- Opening Delimiter -

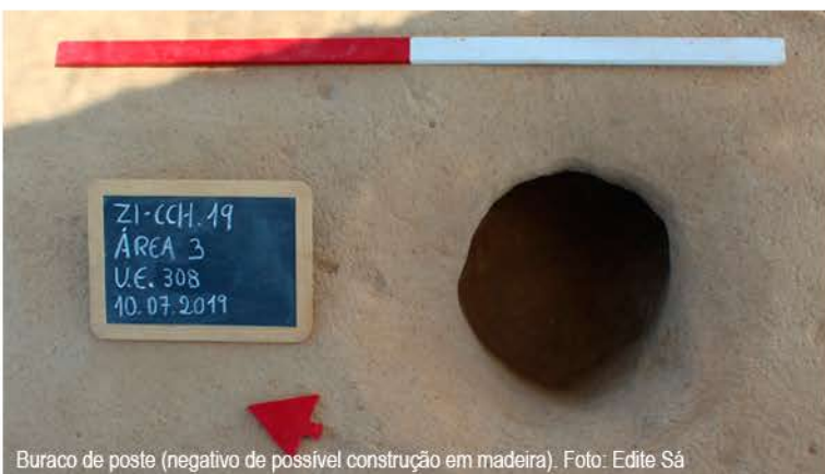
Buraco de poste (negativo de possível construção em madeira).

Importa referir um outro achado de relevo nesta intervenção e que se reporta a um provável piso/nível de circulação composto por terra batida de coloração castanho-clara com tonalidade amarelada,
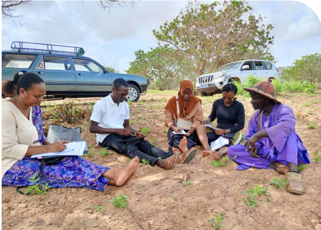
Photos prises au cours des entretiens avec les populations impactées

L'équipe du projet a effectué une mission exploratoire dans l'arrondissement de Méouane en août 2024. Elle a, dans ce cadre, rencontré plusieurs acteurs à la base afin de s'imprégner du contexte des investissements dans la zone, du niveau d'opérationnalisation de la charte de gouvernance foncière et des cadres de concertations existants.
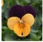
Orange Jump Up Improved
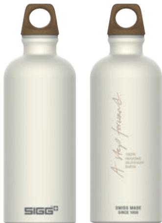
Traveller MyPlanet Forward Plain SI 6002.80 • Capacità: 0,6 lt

- Closing Delimiter -
- Opening Delimiter -

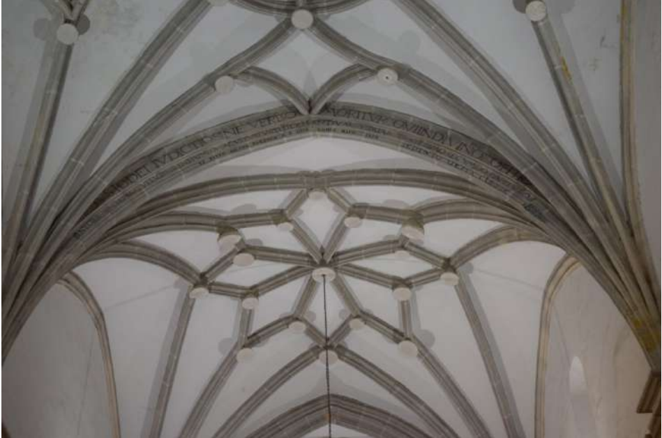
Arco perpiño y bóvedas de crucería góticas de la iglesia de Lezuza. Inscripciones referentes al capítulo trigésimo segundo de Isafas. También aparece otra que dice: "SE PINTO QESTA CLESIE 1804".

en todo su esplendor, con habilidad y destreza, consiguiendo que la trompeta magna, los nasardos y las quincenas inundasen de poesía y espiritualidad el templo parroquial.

- Closing Delimiter -

» Exercise instructions
Your reply should consist solely of the lines above from the line containing "Buraco de poste" up to and including the line containing "Traveller MyPlanet Forward", reproduced exactly, minus the pictures.

» Reply to the task
Buraco de poste (negativo de possível construção em madeira).

Importa referir um outro achado de relevo nesta intervenção e que se reporta a um provável piso/nível de circulação composto por terra batida de coloração castanho-clara com tonalidade amarelada,
Photos prises au cours des entretiens avec les populations impactées

L'équipe du projet a effectué une mission exploratoire dans l'arrondissement de Méouane en août 2024. Elle a, dans ce cadre, rencontré plusieurs acteurs à la base afin de s'imprégner du contexte des investissements dans la zone, du niveau d'opérationnalisation de la charte de gouvernance foncière et des cadres de concertations existants.
Orange Jump Up Improved
Traveller MyPlanet Forward Plain SI 6002.80 • Capacità: 0,6 lt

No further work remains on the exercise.